I graduated from Oxford University (BA hon in Philosophy, Politics and Economics). I think in terms of an undergraduate education it was far superior to anything else I have seen, but graduate work in the US is more exciting than in the UK – there is much more interdisciplinarity and experimentation.
(4)  I know that you have been co-editing the prestigious journal, CONTRIBUTIONS TO INDIAN SOCIOLOGY.  As a fellow (and now past) editor, I would love to hear you talk about some of the surprises you encountered when becoming coeditor?  Some of the delights?  Any real pleasures?
The real pleasure is seeing an article by a young scholar or someone from the academic boondocks which starts off as a good idea but is badly written or under-referenced or something – transform into a good article. (I know you do a lot of this kind of affirmative action Virginia, so I know you will understand).
(5)  Could the journal nowadays be renamed CONTRIBUTIONS TO INDIAN SOCIOLOGY AND ANTHROPOLOGY, or is “anthropology” still too suspect a term in the Indian academic or governmental world?  I ask because I know that there are official professional associations of anthropologists in India, two of them now members of the World Council of Anthropological Associations.   And yet I recall South Asianists telling me while I was in graduate school in the 1970s and early in my professorial life in the 1980s that it was better to be a sociologist in India than to label oneself an “anthropologist.”
Actually most of our articles are more anthropological than sociological, but in part the idea is to protest against the artificial geographical division into which subjects of anthropology and sociology have been divided.
But our more immediate concern is not to change the disciplinary nomenclature but how to become a journal of South Asia without changing the name. We already encourage contributions from other countries in the region but the name remains a limiting factor. On the other hand, the journal is fifty years old, so it would require a lot to change the name.

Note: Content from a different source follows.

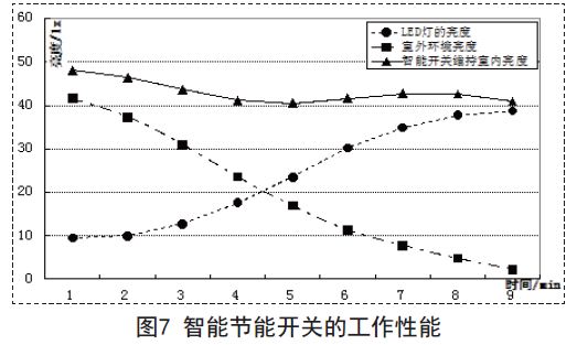 图7所示曲线表明,当室外环境光线亮度逐渐变弱时,本文的智能开关能够自动调节LED灯的亮度,使其逐渐变亮,从而使得室内的光线亮度保持在预先设定的范围之内。同理,当室外光线亮度逐渐变强时,智能开关能够控制LED灯的亮度逐渐变暗,以维持预先设定好的室内亮度。由此可见,在保持室内亮度的前提下,使用本文设计的智能开关可以节省LED灯的耗电量。

(6)  What is your greatest frustration about India these days?  About the U.S.?  About anthropology?
My greatest frustration about India is the bureaucracy in the university system, and the lack of good research and training in the regional universities. And in the US, it was the valorization of theory at the expense of good empirical research, though I dislike UK style empiricism as well. I dislike theorizing on the basis of thin ethnography and the kind of scholarship on India that finds purchase in the US is often that. But I think this may be changing, and I do not want to generalize.
(7)  What brings a true smile to your face when you think of India today?  And the U.S.?  And anthropology?
I like controversy – both intellectual and political – and am happy whenever there is more of it, though I am often too lazy or busy to engage in it myself. And both India and the US have plenty of it.
As for anthropology I love reading a good book and feeling as if a whole new world has opened up.